• Problem to solve
Using the listing below, print the line containing "- испарений с", the line containing "При изготовлении используется", and each line between them, exactly and nothing else. Pictures stay out of the print.

• Available records
..........

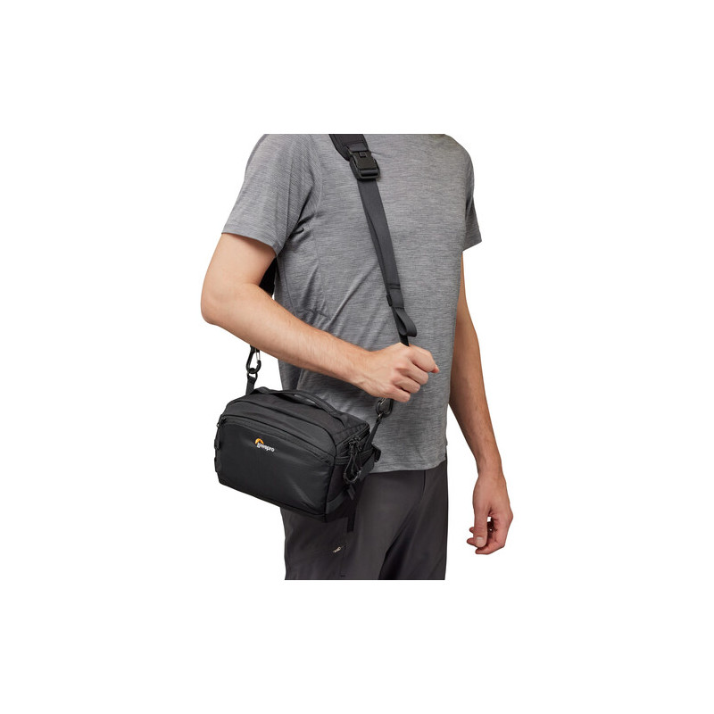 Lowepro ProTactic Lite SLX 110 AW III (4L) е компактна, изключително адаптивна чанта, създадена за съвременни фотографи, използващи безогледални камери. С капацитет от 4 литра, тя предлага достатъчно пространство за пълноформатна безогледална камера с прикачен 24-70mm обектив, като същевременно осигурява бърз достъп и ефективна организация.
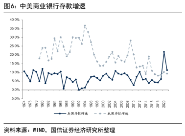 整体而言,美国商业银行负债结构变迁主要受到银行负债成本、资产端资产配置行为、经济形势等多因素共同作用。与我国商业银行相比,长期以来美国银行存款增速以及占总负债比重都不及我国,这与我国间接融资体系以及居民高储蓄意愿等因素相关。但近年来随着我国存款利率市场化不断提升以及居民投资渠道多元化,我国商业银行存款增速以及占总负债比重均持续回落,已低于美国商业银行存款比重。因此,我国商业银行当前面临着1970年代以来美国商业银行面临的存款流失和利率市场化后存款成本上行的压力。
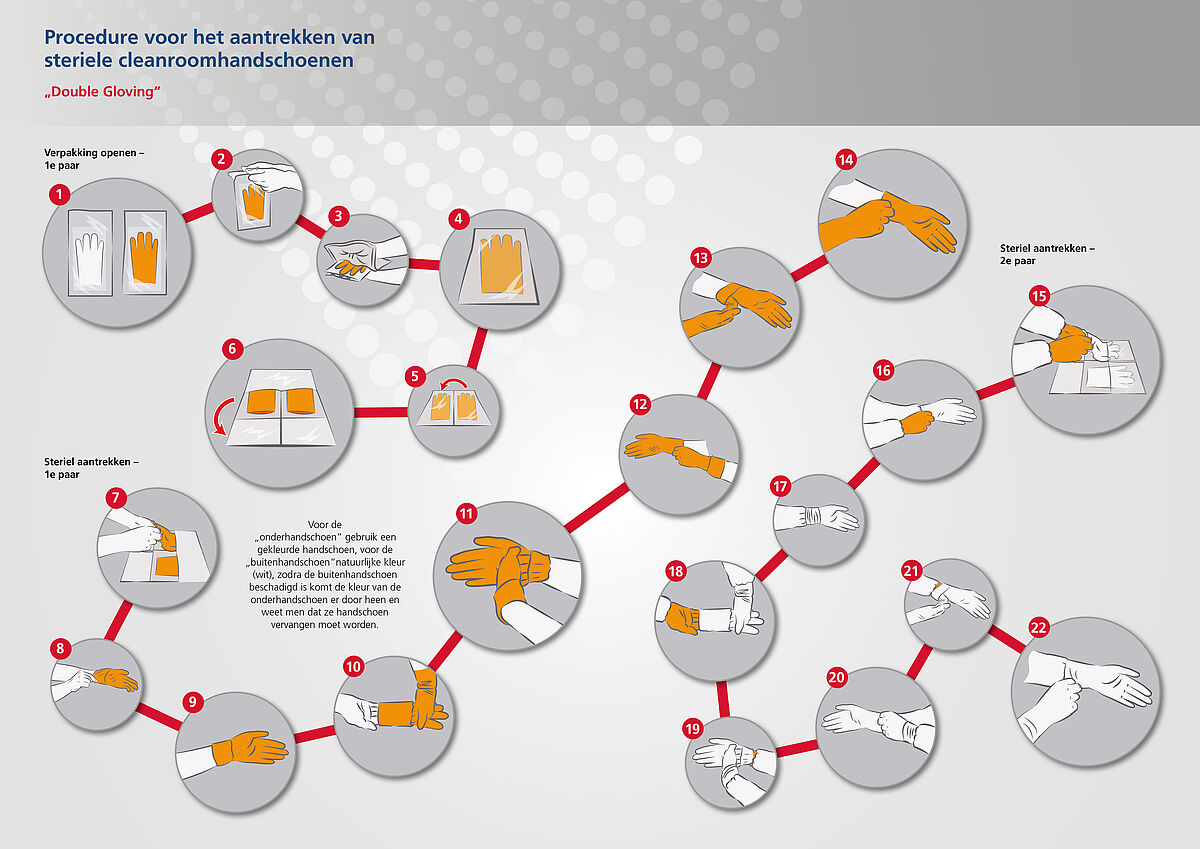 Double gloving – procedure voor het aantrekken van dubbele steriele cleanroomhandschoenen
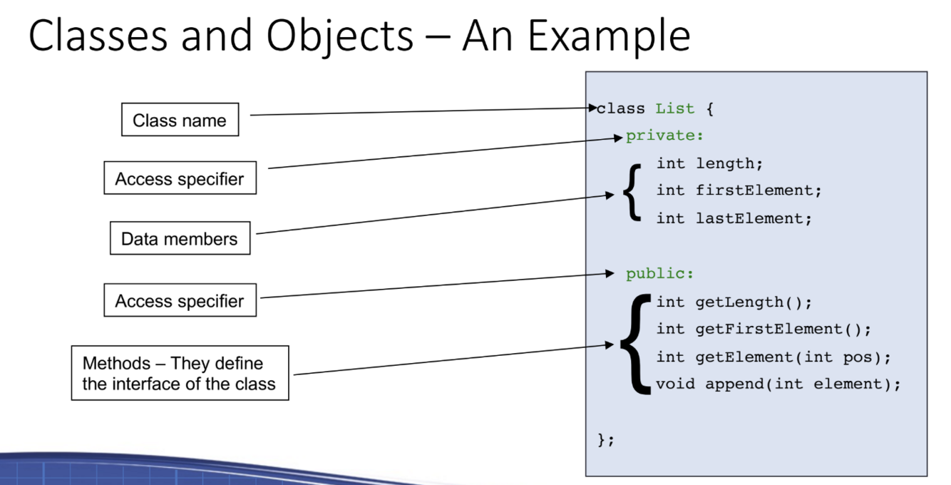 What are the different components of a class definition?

..........

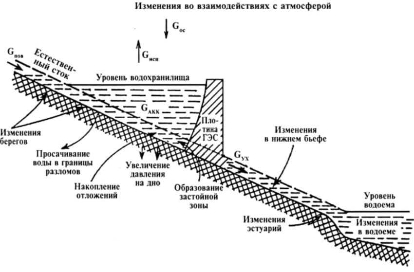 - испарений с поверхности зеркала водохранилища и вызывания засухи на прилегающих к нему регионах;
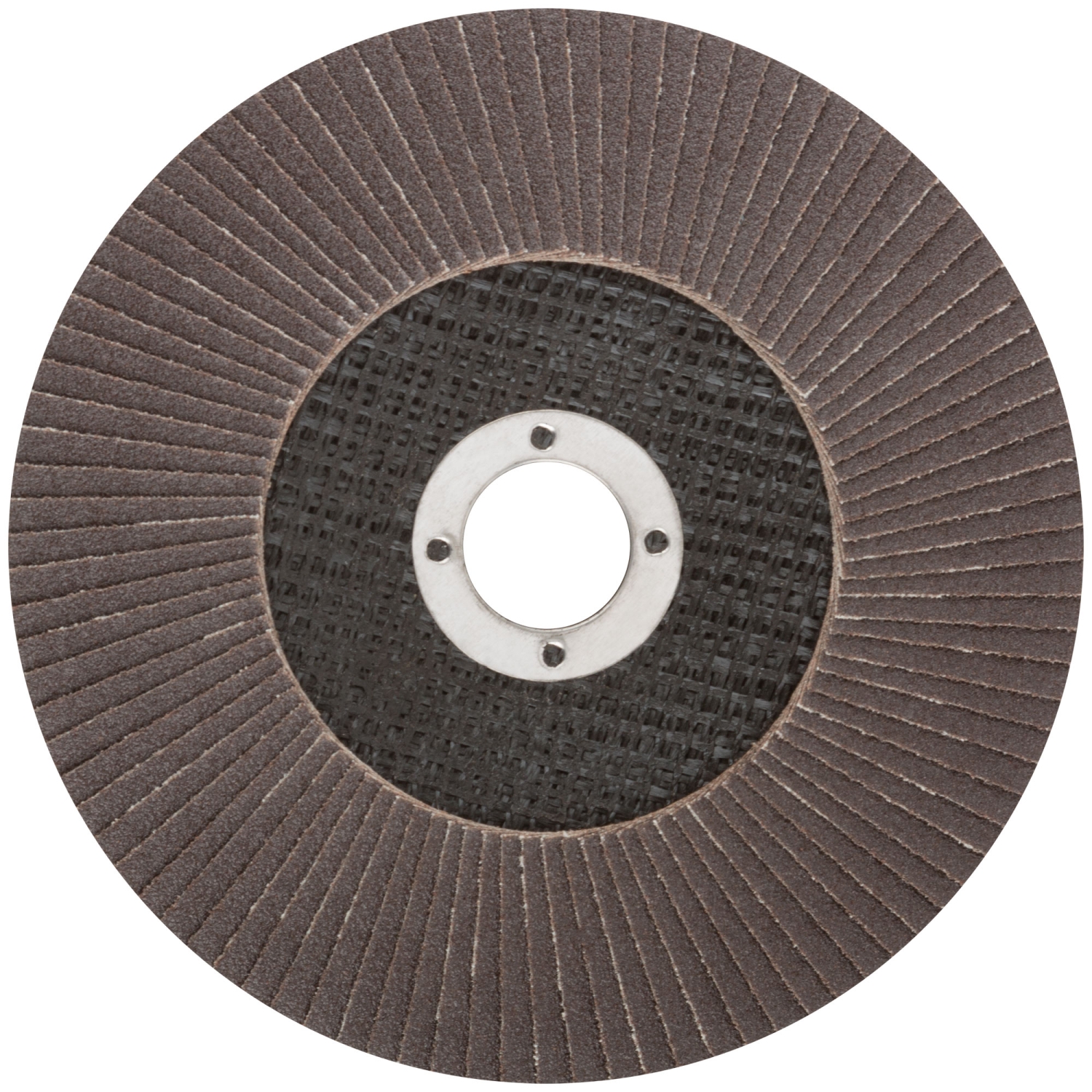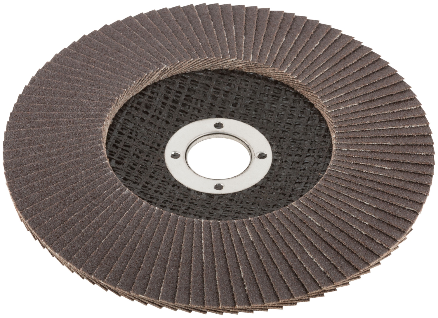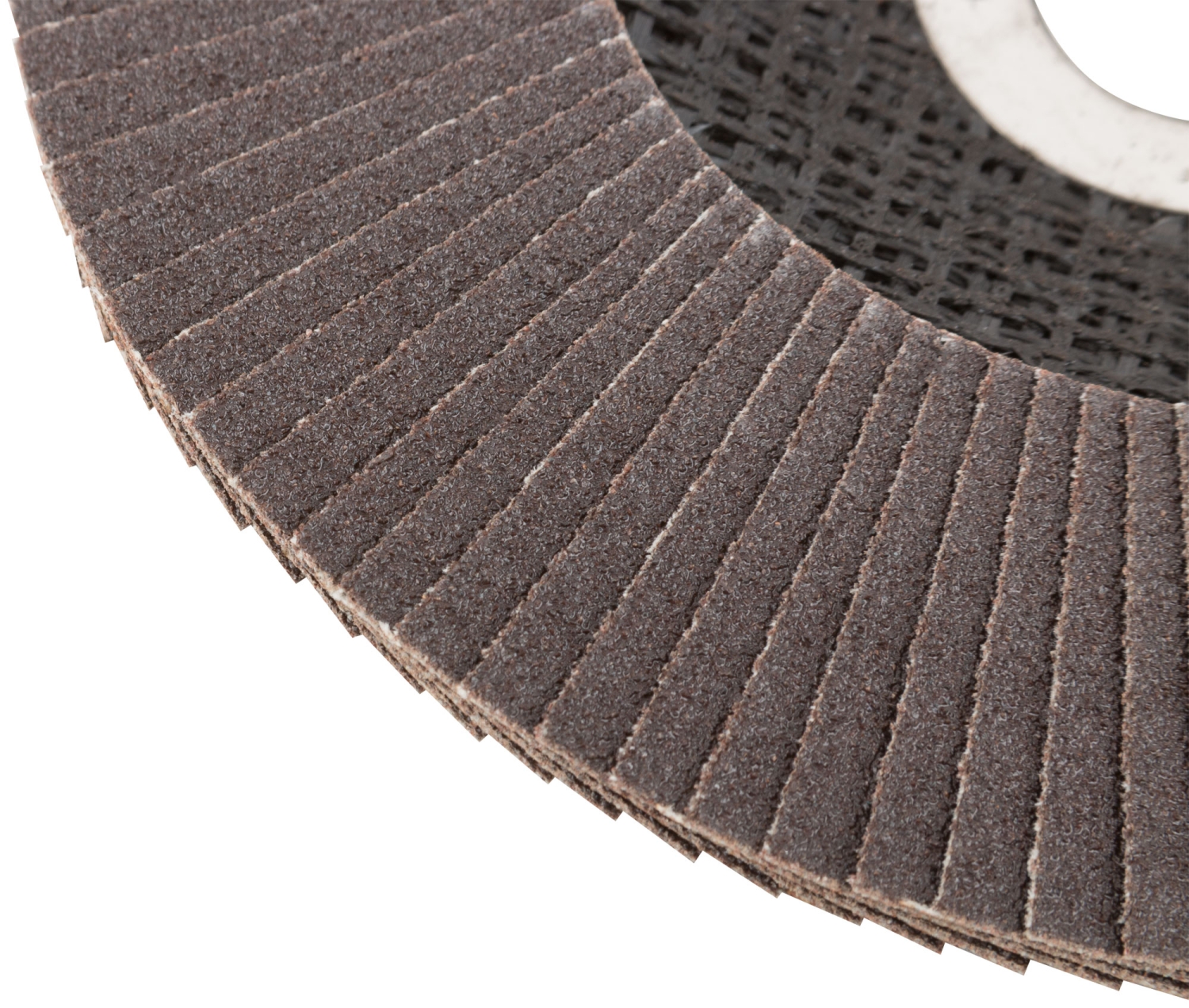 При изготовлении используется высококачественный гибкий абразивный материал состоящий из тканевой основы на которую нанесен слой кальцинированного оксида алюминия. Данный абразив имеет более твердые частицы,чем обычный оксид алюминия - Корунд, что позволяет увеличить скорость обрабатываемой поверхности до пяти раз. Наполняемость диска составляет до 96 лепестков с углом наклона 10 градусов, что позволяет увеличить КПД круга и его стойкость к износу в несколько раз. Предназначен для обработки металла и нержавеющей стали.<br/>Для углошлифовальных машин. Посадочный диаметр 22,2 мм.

..........

• Exercise response
 - испарений с поверхности зеркала водохранилища и вызывания засухи на прилегающих к нему регионах;
 При изготовлении используется высококачественный гибкий абразивный материал состоящий из тканевой основы на которую нанесен слой кальцинированного оксида алюминия. Данный абразив имеет более твердые частицы,чем обычный оксид алюминия - Корунд, что позволяет увеличить скорость обрабатываемой поверхности до пяти раз. Наполняемость диска составляет до 96 лепестков с углом наклона 10 градусов, что позволяет увеличить КПД круга и его стойкость к износу в несколько раз. Предназначен для обработки металла и нержавеющей стали.<br/>Для углошлифовальных машин. Посадочный диаметр 22,2 мм.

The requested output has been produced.